● DATA PROVIDED

[Start of section]

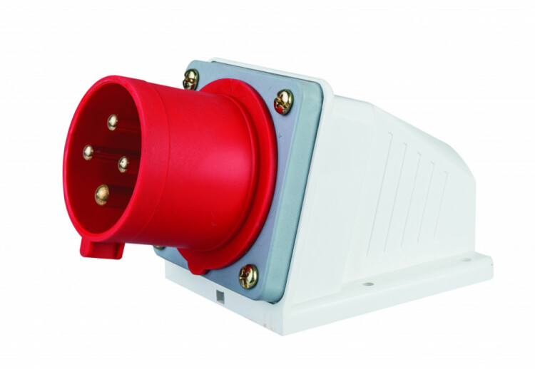 Вилка стационарная серии ВС-103 Dekraft, номинальный ток 32 А, диапазон рабочего напряжения 380-415 В AC, степень пыле-влаго защиты IP44, количество полюсов 3Р+РЕ, код CEE 524.
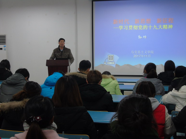 12月15日下午,应外国语学院邀请,学校党的十九大精神宣讲团成员、马克思主义学院副院长孙功教授在崇智楼B235教室作了题为《新时代、新思想、新征程——学习贯彻党的十九大精神》的报告会。外国语学院全体党员和部分入党积极分子听取了报告。
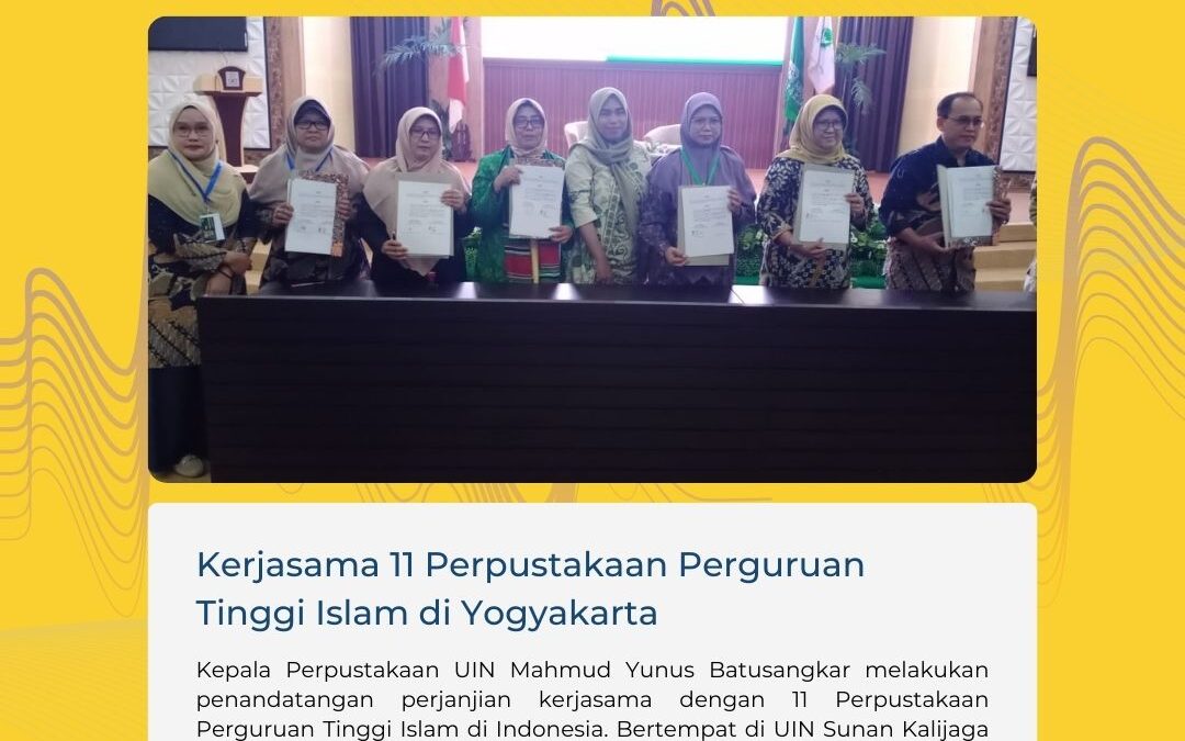 berikut ini 11 perpustakaan perguruan tinggi islam yang melakukan perjanjian kerjasama dengan Perpustakaan UIN Mahmud Yunus Batusangkar di UIN Sunan Kalijaga Yogyakarta pada hari ini 25 Juli 2024:

[End of section]

● DESCRIPTION OF THE TASK
Quote, exactly and only, the lines from the first line of the data above through the line containing "12月15日下午,应外国语学". The pictures do not belong in it.

● TASK RESULT
 Вилка стационарная серии ВС-103 Dekraft, номинальный ток 32 А, диапазон рабочего напряжения 380-415 В AC, степень пыле-влаго защиты IP44, количество полюсов 3Р+РЕ, код CEE 524.
 12月15日下午,应外国语学院邀请,学校党的十九大精神宣讲团成员、马克思主义学院副院长孙功教授在崇智楼B235教室作了题为《新时代、新思想、新征程——学习贯彻党的十九大精神》的报告会。外国语学院全体党员和部分入党积极分子听取了报告。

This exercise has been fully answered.